I have summary statistics of a GWAS in a tab-separated format, as follows:
SNP CHR BP GENPOS ALLELE1 ALLELE0 A1FREQ F_MISS BETA SE P
I want to adjust these summary statistics for LD (preferentially by pruning), keeping only one of the SNPs in LD. I don't want to threshold for p-value (in fact, the pruned SNPs should stay representative in terms of p-values, as I'm trying to do a sort of enrichment analysis and need non-significant and significant results alike). I also don't have access to the genotype data - only to these summary statistics. They also contain some X-chromosomal SNPs.
I'm not sure which tool is suitable for this.
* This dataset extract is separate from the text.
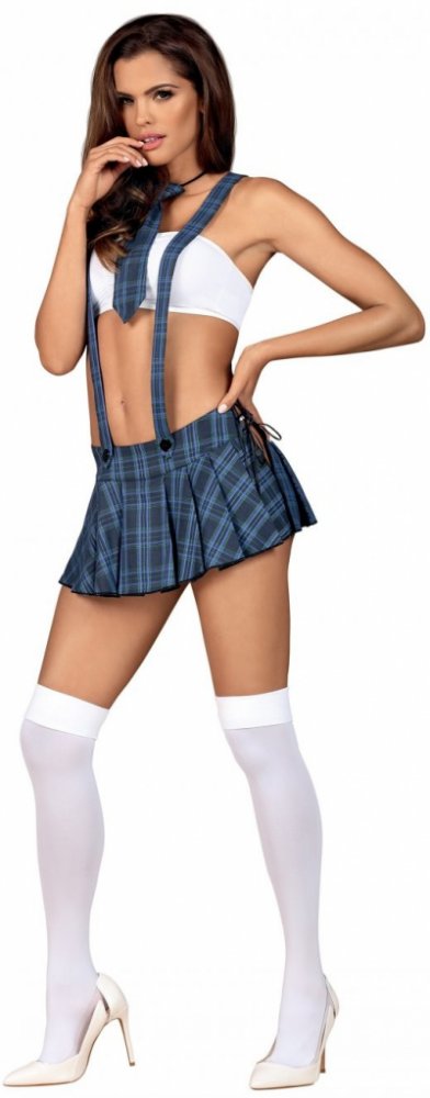 - kostým zahrnuje: halenku, sukni se šlemi, tanga, podkolenky, kravatu

I've considered the following tools:
As far as I know, one can perform LD pruning in Plink. However, I can't seem to find a way to perform this pruning in Plink with this file format.
From reading, this seems to do exactly what I want it to - however, the documentation states that "it will be extremely time-consuming if you set a very low significance level, e.g. 5e-3" . I'm guessing this might not run to completion if I were to try this with no p-value threshold at all.
The documentation states "LDpred is a Python based software package that adjusts GWAS summary statistics for the effects of linkage disequilibrium". This does sound like what I need, though I'm not sure if it really can perform this step of LD pruning in isolation. I wanted to try it, though I've not gotten it to work on my system.
Any help is greatly appreciated. Is one of these tools suitable or is there another that can be used for this task? Is it possible to wrangle these summary statistics into a format suitable for Plink? Is GCTA-Cojo feasible without a p-value threshold? Is LDpred capable of this and would be worth spending time to set up?